I label the red points as $A_2$ and $A_3$(which is which doesn't matter), the blue as $A_1$ and the green as $A_4$. $A_1A_2A_3$ and $A_2A_3A_4$ are supposed to equilateral triangles, (regular 3-gon feels weird)

Now given that $f(A_1)+f(A_2)+f(A_3)=0$ and $f(A_4)+f(A_2)+f(A_3)=0$, we can conclude that $f(A_1)=f(A_4)$. I continue my argument by asserting that this can be done for any two arbitrarily chosen points in the plane by taking $A_2$ and $A_3$ on the perpendicular bisector of $A_i$ and $A_j$. Thus $f(A)$ is constant for all points on the plane. Thus $f$ is the zero function.

Are there any flaws in my argument? Is this rigorous? Anyone has any better ideas? By better I mean I know I could prove this algebraically, but this geometrical argument (if it is correct) is a lot more elegant than any algebraic argument I can think of, but maybe someone can do even better?

Answer 1

The vertices of a regular $n$-gon in argand plane with center $z$ and one of the vertices $z+\omega$, are $\{z+\omega\alpha^j| j=1,\ldots,n \}$ where, $\alpha=\cos\frac{2\pi}{n}+i\sin\frac{2\pi}{n}$.

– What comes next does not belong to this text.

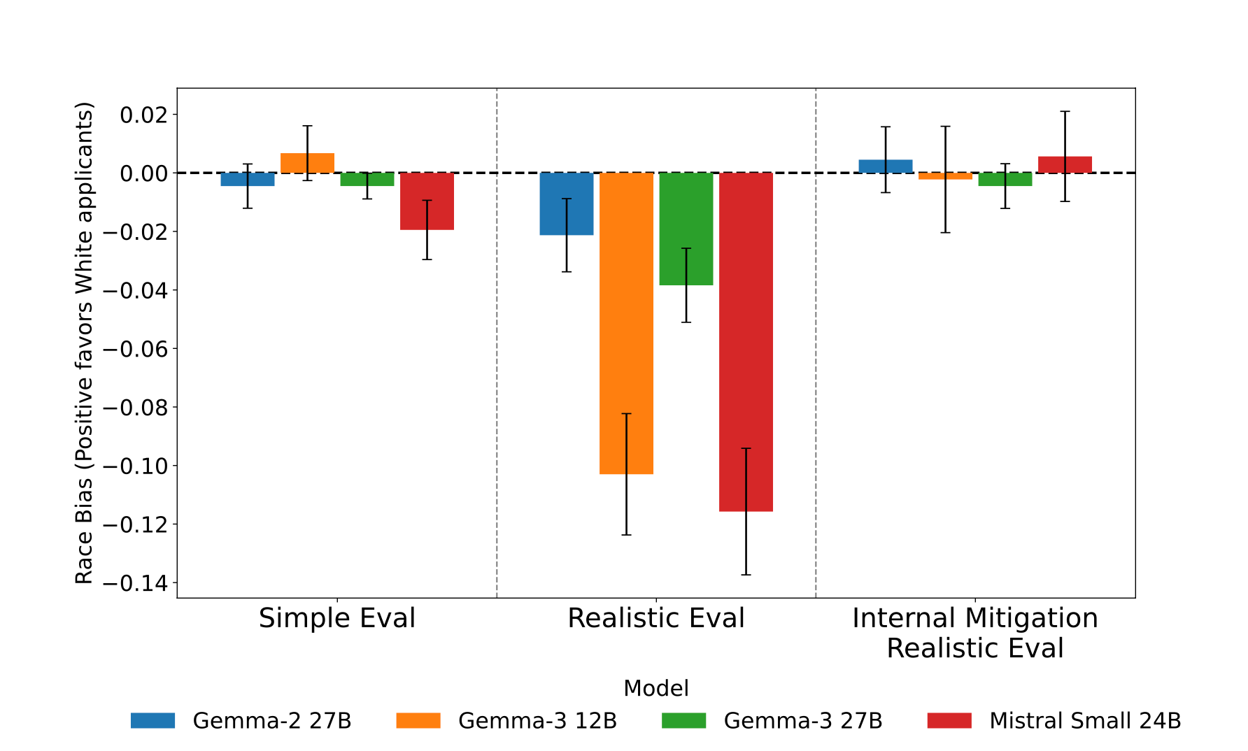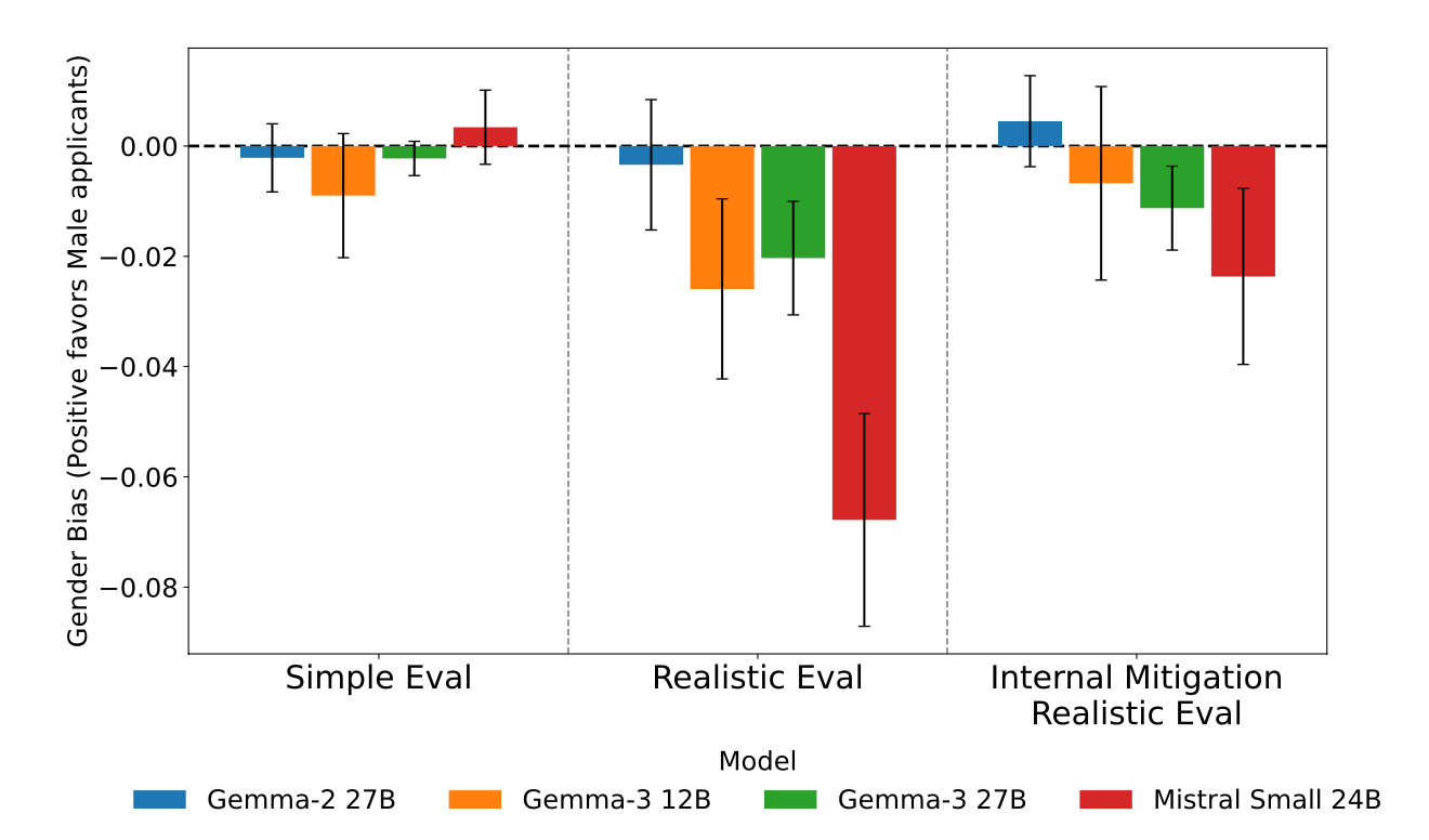 - On the other hand, the Interpretability based mitigation approach worked elegantly, bringing bias in the realistic task situation to near zero levels across all four open-source models with minimal performance degradation on other tasks (less than 0.5% in Gemma-2 27B and Mistral Small 24B)

So, the functon satisfies $\sum\limits_{j=1}^nf(z+\omega\alpha^j)=0$, for arbitrary $z,\omega \in \mathbb{C}$.

In particular replacing $z$ with $z-\omega\alpha^k$, for a fixed $k$ and choosing $\omega=1$ gives us,

$\sum\limits_{j=1}^nf(z-\alpha^k+\alpha^j)=0$

Summing over all $k=1,\ldots ,n$ we have, $\sum\limits_{k=1}^n\sum\limits_{j=1}^nf(z-\alpha^k+\alpha^j)=0$

or, $\sum\limits_{k=1}^n\sum\limits_{l=1}^nf(z-\alpha^k+\alpha^{k+l})=0$ (where, $j \equiv k+l \mod n $)

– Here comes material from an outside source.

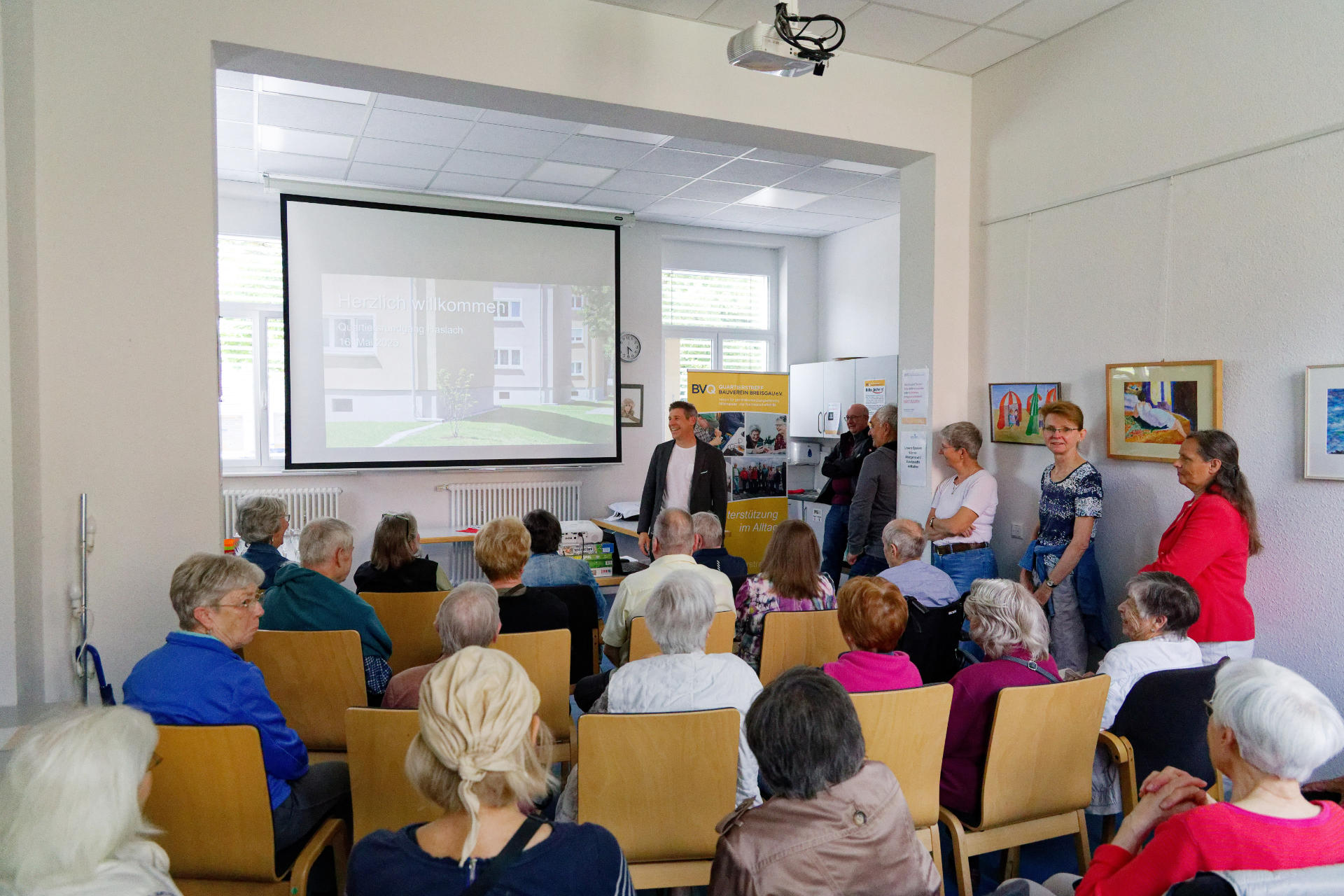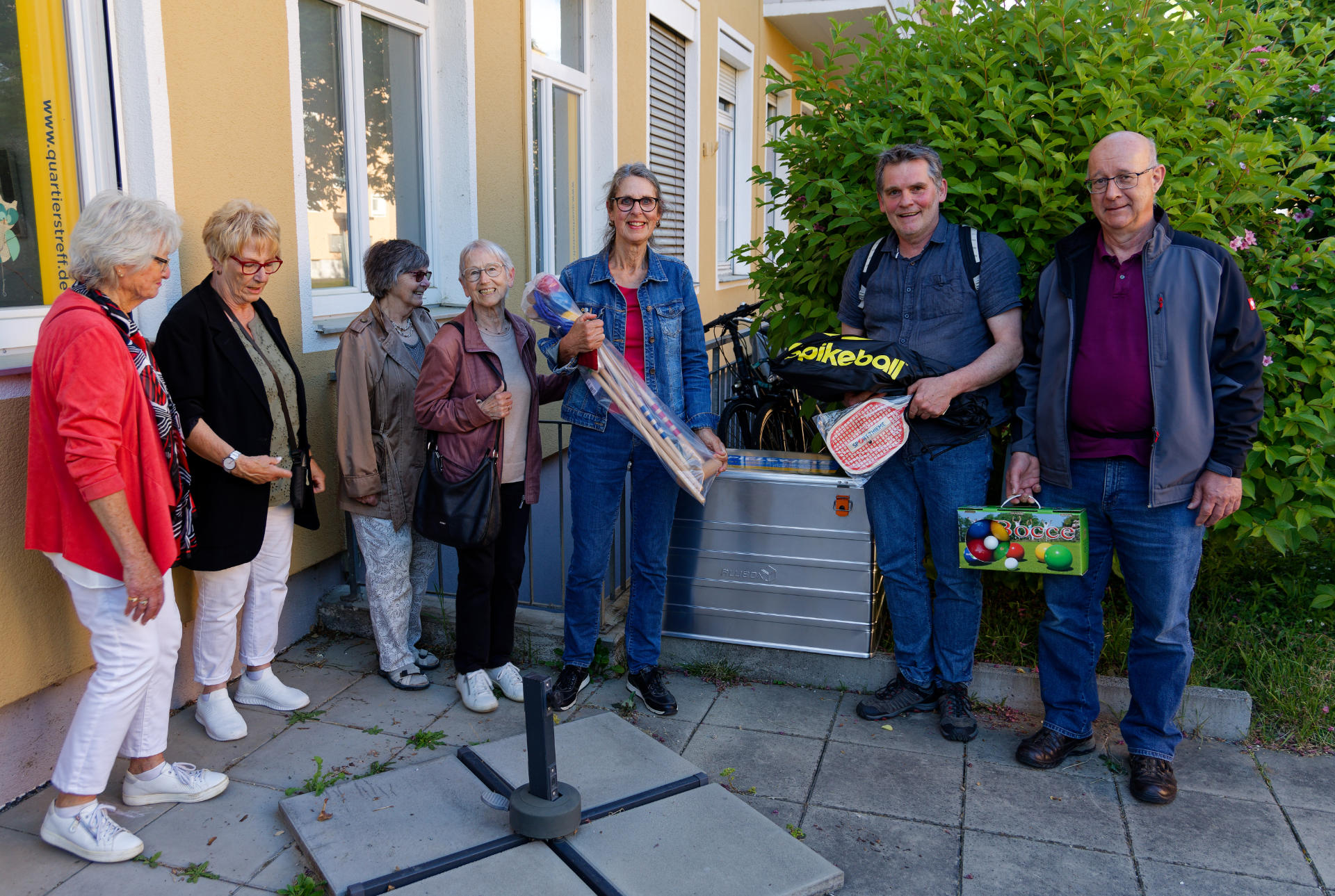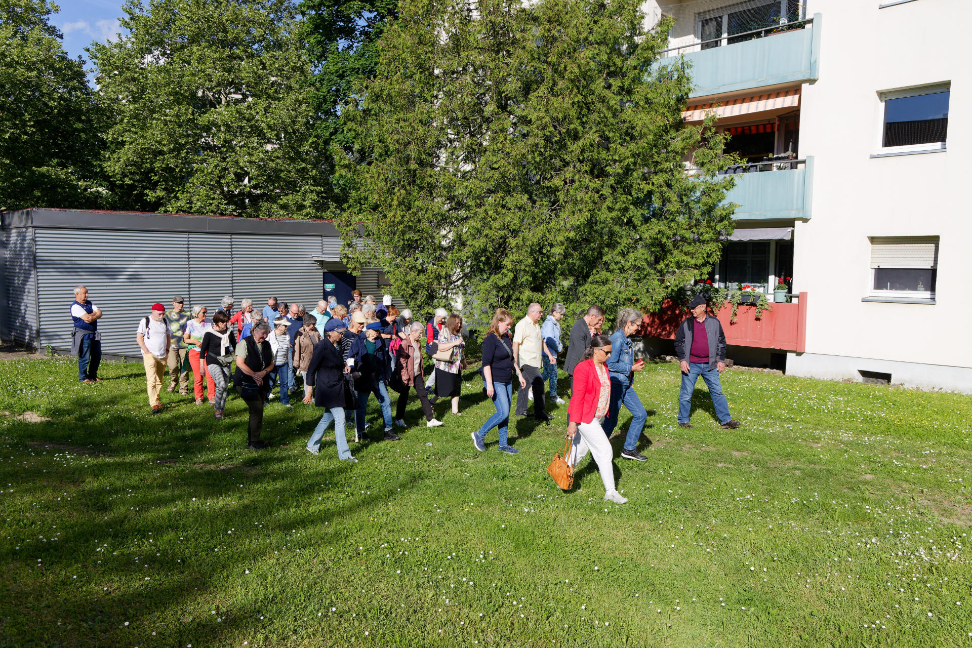 Mitte Mai 2025 lud die Bauverein Breisgau eG zusammen mit dem Quartiersverein zu einem informativen Rundgang um den Quartierstreff am Luckenbachweg ein. Marc Ullrich, Vorstandsvorsitzender der Baugenossenschaft, führte rund 40 Interessierte nach einem Input im Quartierstreffs durch das Quartier. Stationen waren die Seniorenwohnanlage in der Mathias-Blank-Straße und die Energiezentrale. Auch eine frisch sanierte Wohnung der Baugenossenschaft konnte besichtigt werden. Zurück am Quartierstreff wurde eine Spielekiste vorgestellt und der Nachbarschaft zur Nutzung übergeben. Sie enthält Spielmaterial für die spielerisch-sportliche Freizeitgestaltung in den schönen Grünanlagen des Quartiers (mehr Infos zur Spielekiste beim Quartierstreff Luckenbachweg).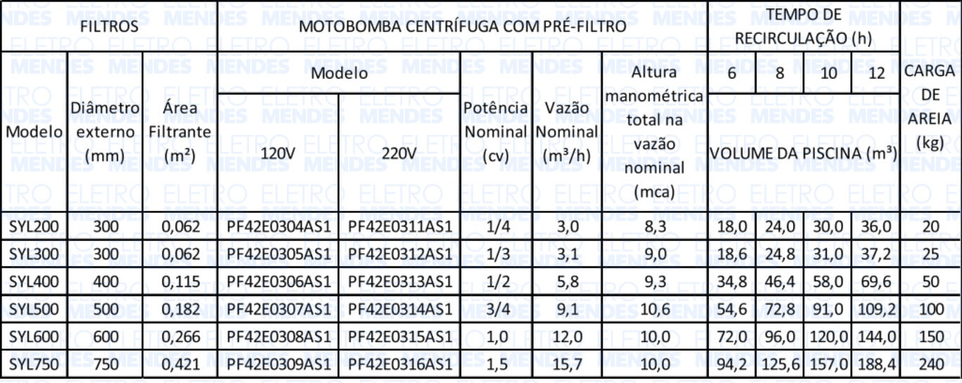 Os dados apresentados na tabela a seguir são fornecidos para a seleção da motobomba, do filtro e da quantidade de areia necessária. Verifique o volume máximo das piscinas em função do tempo de recirculação.

Now, $\sum\limits_{k=1}^n\bigg(\sum\limits_{l=1}^n f(z-\alpha^k+\alpha^{k+l})\bigg) = nf(z) + \sum\limits_{k=1}^n\bigg(\sum\limits_{l=1}^{n-1} f(z-\alpha^k+\alpha^{k+l})\bigg)$

$= nf(z) + \sum\limits_{l=1}^{n-1}\bigg(\sum\limits_{k=1}^n f(z-\alpha^k+\alpha^{k+l})\bigg) = nf(z)$

[Since, when $l=n$, $f(z-\alpha^k+\alpha^{k+l})=f(z)$

and for $l\neq n$, $\bigg(\sum\limits_{l=1}^n f(z-\alpha^k+\alpha^{k+l})\bigg)= \bigg(\sum\limits_{l=1}^n f(z-(1-\alpha^{l})\alpha^k)\bigg)=0$]

Thus, $nf(z)=0$, or $f(z)=0$.

Answer 2

Suppose $f(O)=\varepsilon$, where O is the origin, and $\varepsilon\neq0$.

Consider the points $A(\cos( \pi/6), \sin( \pi/6))$ and $B(\cos( \pi/6), -\sin (\pi/6))$. Then OAB is an equilateral triangle so $f(A)+f(B) = -\varepsilon$

Now consider the equilateral triangle ABC, where $C=(2\cos (\pi/6), 0)$. Hence $f(C)=\varepsilon$.

By similar reasoning, we must have points $D(0, 2\cos (\pi/6)), E(-2\cos (\pi/6), 0), F(0, -2\cos (\pi/6))$ such that $f(D)=f(E)=f(F)=\varepsilon$.

But CDEF is a square, so we have a contradiction. QED